Unless she is attacking, you don't have to shoot. Too much chance of the deer moving at the shot. Yes, we all get a pass every once in a while but I wouldn't expect the same result very often.
Bumped the tree on my draw, didn't do it on purpose, had an good blood trail. 150 yards and found him. Blood thinned out then got heavy again. Sent from my iPhone using Tapatalk
Ive shot multiple deer in the neck with a rifle. Every one dropped like a sack of potatos, never taking a single step. Not a shot I would purposely attempt with my bow but, has been pretty effective with a rifle.
The world record "Beatty Buck" was shot in the neck. Coming straight at him and shot him in the throat. You can still see the broadhead mark on the full body mount.
I am a 100% anti-neck shot type of guy. I am a fan of always taking high percentage shot choices. Will argue that a neck or a head shot are not as high of a percentage shot than a double lung/possible heart shot till I'm blue in the face. OP, nice job backing out and waiting and finding her!

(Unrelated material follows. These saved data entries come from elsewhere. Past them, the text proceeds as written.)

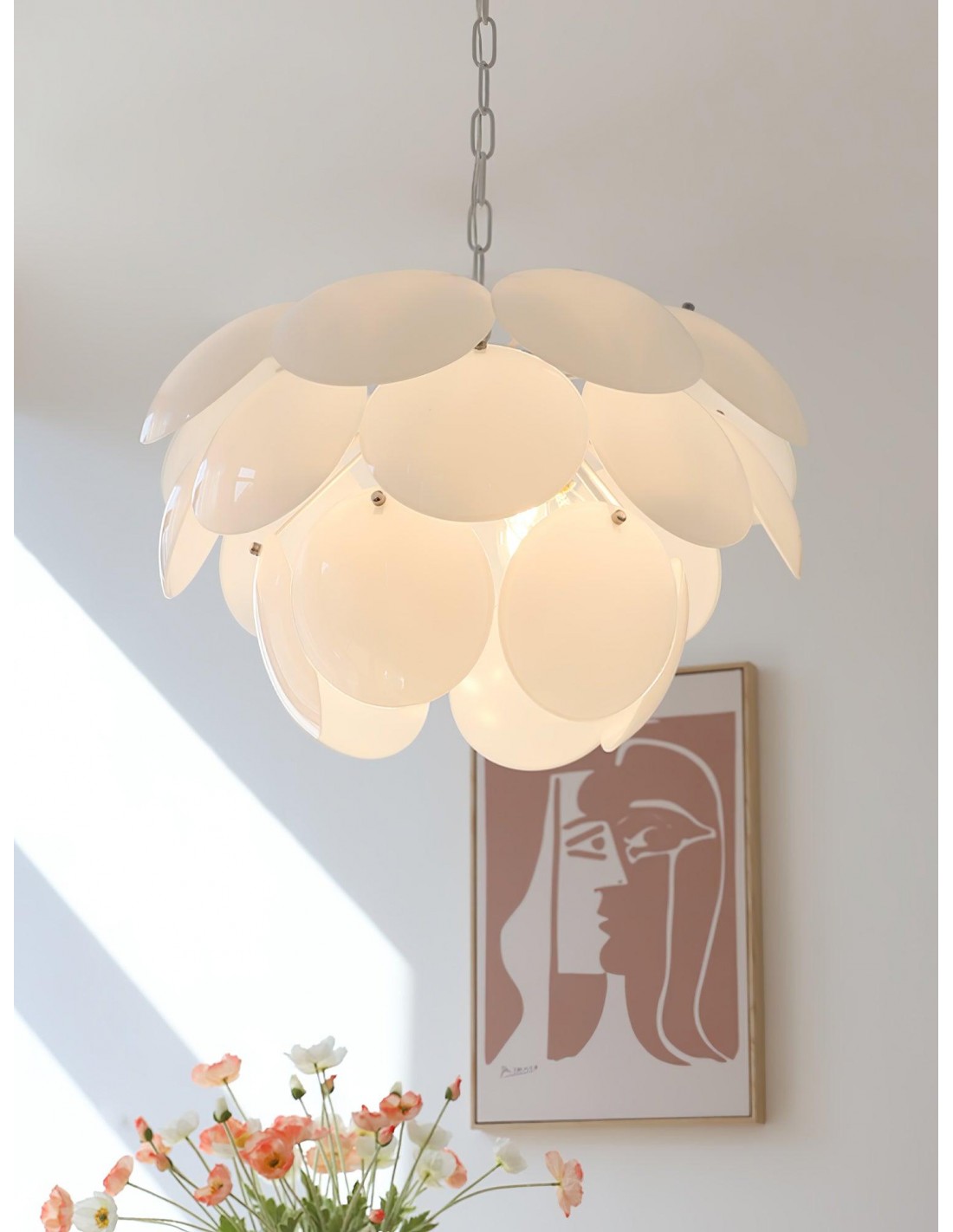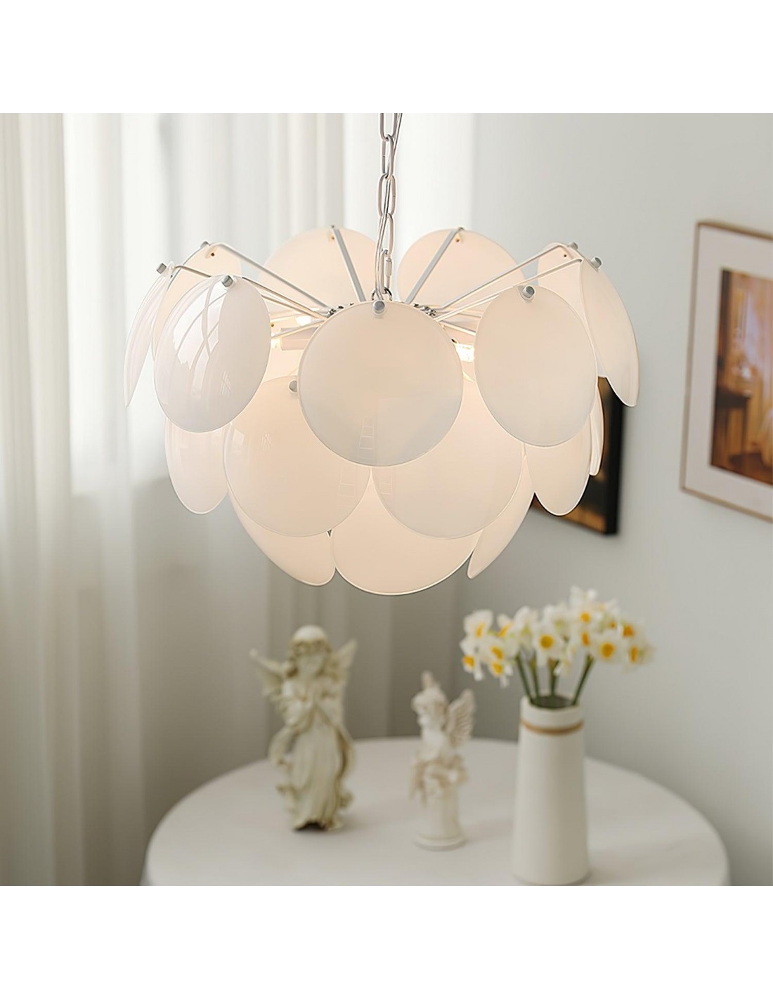 The Luminous Petal Glass Chandelier is a delicately modern lighting piece that elegantly fuses glass and metal. Inspired by the soft curves of petals in nature, each glass element mimics the gentle shape of a petal, supported by a robust metal framework that grounds the whimsical design.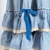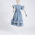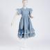 A light blue cotton summer dress for a girl, with a short V-neck, flutter sleeves, gathered along the armhole and edged with thin white lace, rear button fastening to the waist and gathered skirt. The midi skirt has two gathered frills at the bottom, edged with thin lace, and a lace border at the top of the upper frill with a blue silk ribbon threaded through it and tied into a bow on the right side.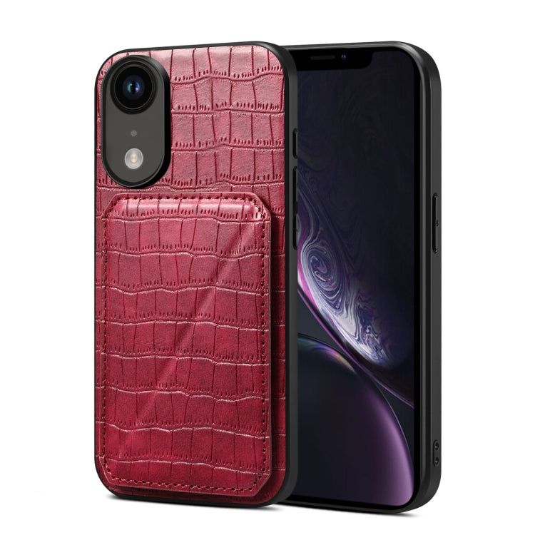 Funda Trasera para iPhone Xr de piel de cocodrilo de imitación con soporte (Rojo Rosa)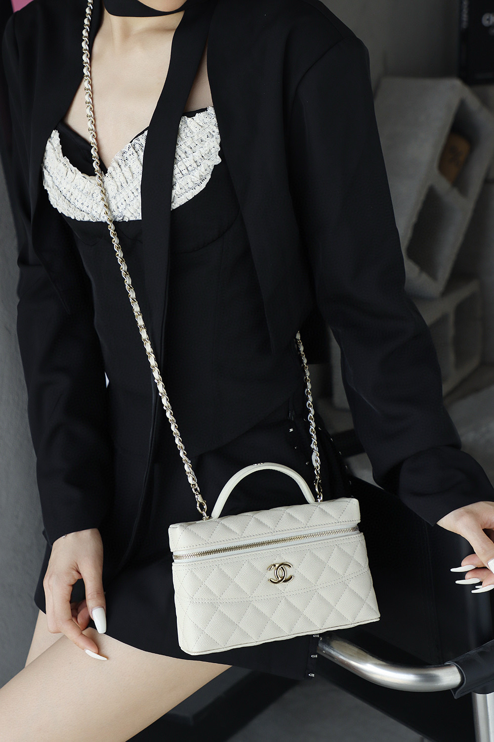 This Chanel handbag showcases the brand's exceptional craftsmanship and attention to detail. Crafted from premium lambskin, this piece combines timeless luxury with modern style.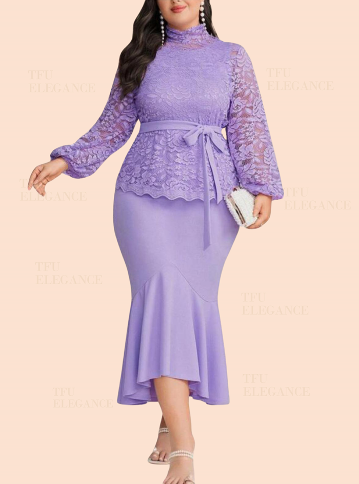 Home CURVY PLUS Touch From You Elegance Plus Size Women’s Stand Collar Lace Lantern Sleeve Top And Skirt Purple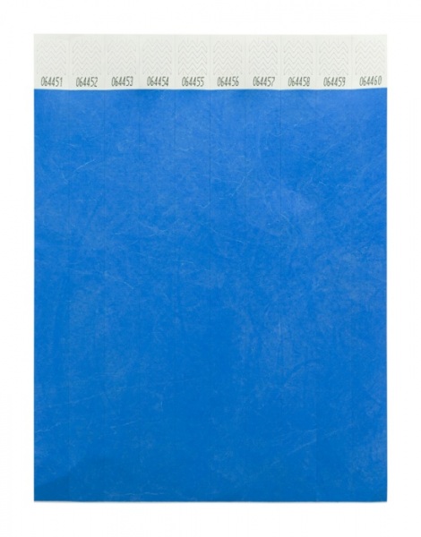 Jeden hárok 19 mm širokých tyvekových náramkov (10 ks) s lepiacim bezpečnostným uzáverom a jedinečným číslovaním.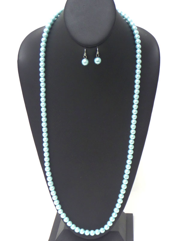 WHOLESALE LONG PEARL NECKLACE EARRING SET 403573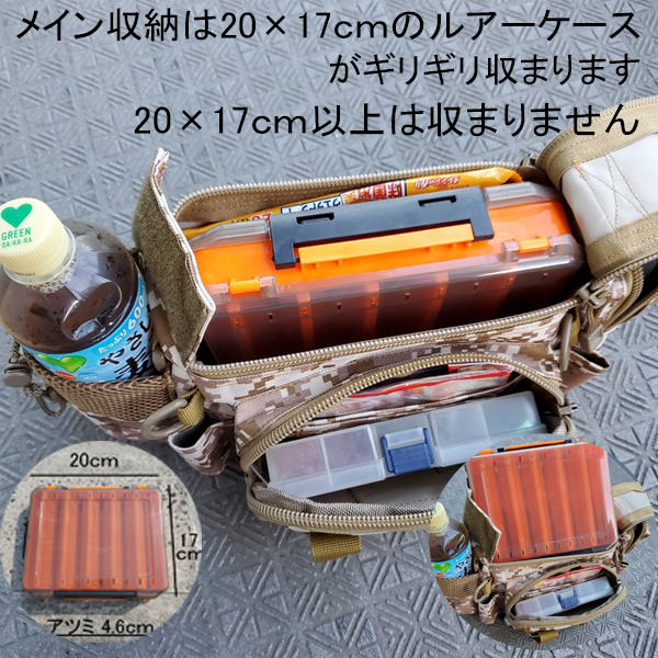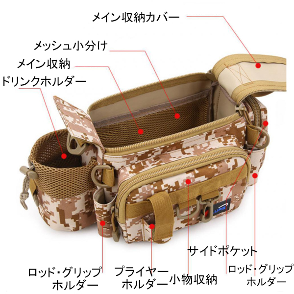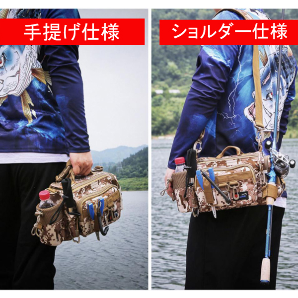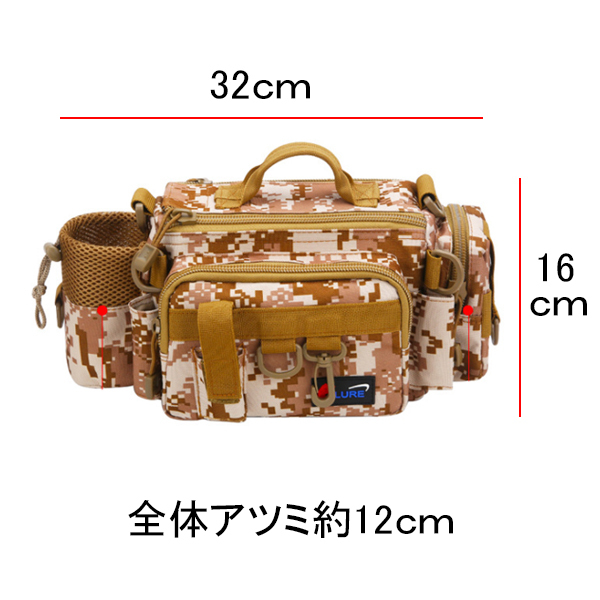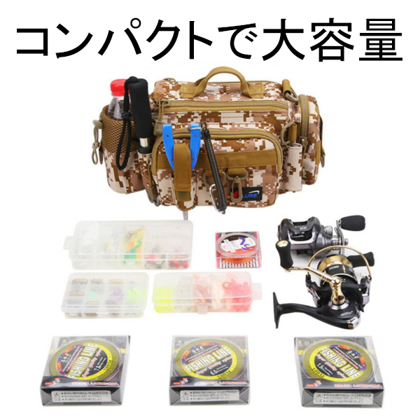 | コンパクトながら多機能なフィッシングバッグです。 ショルダー・ウエスト・手提げと3wayで使えます。 ショルダー+ウエストベルトで安定使用できます。 すべて取り外し可能なので手提げバッグとしても 使えます。 グリップホルダー・プライヤーホルダーも便利! バッグ背面にはベルトループが付いているので ベルトにそのまま装着する事もできます。 取り外し可能なロッドホルダーも付いているので 移動も楽です! ランガンスタイルにもお勧めです。 ルアーケースも収納できるのでアジングやメバリング にもお使いいただけます。 防水生地でドリンクホルダーも付いているので メッセンジャーバッグやアウトドアバッグとしても お使いいただけます。 素材:ナイロン 重量:約360g(本体のみ) ショルダーベルト等を付けると450~550g程度 サイズ:幅約32cm 高さ約16cm マチ約12cm 付属品:ショルダーベルト ウエストベルト ロットホルダー&ロッドガイドベルト 専用箱・説明書等の付属品はございません。 当オークションページのカラーは「ネイビー」です。 他カラーも出品中です。マイオークションより ご覧いただけます。 ※商品画像に写っているプライヤー等は商品撮影 のために使用したものです。付属品ではありません。 ※当店検品済みの発送ですが、海外メーカー 直輸入品のため、若干のほつれ等の縫製の甘さや 配送時のたたみジワ等が生じる場合がございます。 | |||

I'm not an intentional neck shooter and the lungs are a bigger target anyways. I tend to be most comfortable aiming for the heart. Keep in mind I only hunt from the ground. I've put two through the heart dissected and confirmed. Two double lungs. And one through the neck and double lungs. All pass throughs. The neck was kinda a bonus on that one. The neck does have a pretty good chance at putting an animal down fast in three ways though.
yeah...it was a doe I believe. Possibly Clinton? Not sure though. Given the opportunity, my old man will always shoot for the neck with a rifle. With a bow, he won't take that shot at all. It's one thing he did hammer home over the years. One of the bad things about a neck shot with a broadhead is the bloodwork is packed in there so close together in a neck, that if you don't get a pass through all the deer's movement and jostling around can cause the b-head to work its way into a major vein/artery minutes, hours, days, even weeks after the initial shot. So, that whole "if she's still upright after 100 yards" statement doesn't necessarily hold true. If the deer has a long relatively open area to run across after the shot, don't give up just because you don't find blood in the first 50-100 yards. If there's not much blood right away....find the first thick spot the deer ran into and check to see if banging the arrow into the brush didn't cause the b-head to cut into the veins at that point. From there on, its likely to be a bloodbath. *see this story for a real life example of how little the margin of error is on a neck shot between 'No harm, No foul' vs. 'Near Instant Death' : Sun Advocate - Bowhunt accident nearly fatal for Price man - August 20, 2013
What? I would not use any setup that would not produce a pass through on a deer's neck. A couple of different guys in this thread not only got a pass-through on the neck, but the arrow went on to pass clear through the body also. Any decent set-up should easily blow cleanly through the largest deer neck if it does not hit spine.
100% agreed! Some set ups will even blast through shoulders...let alone neck. Me personally, will never take a neck shot...much smaller area of critical killing potential vs wounding or slow death potential in my honest opinion.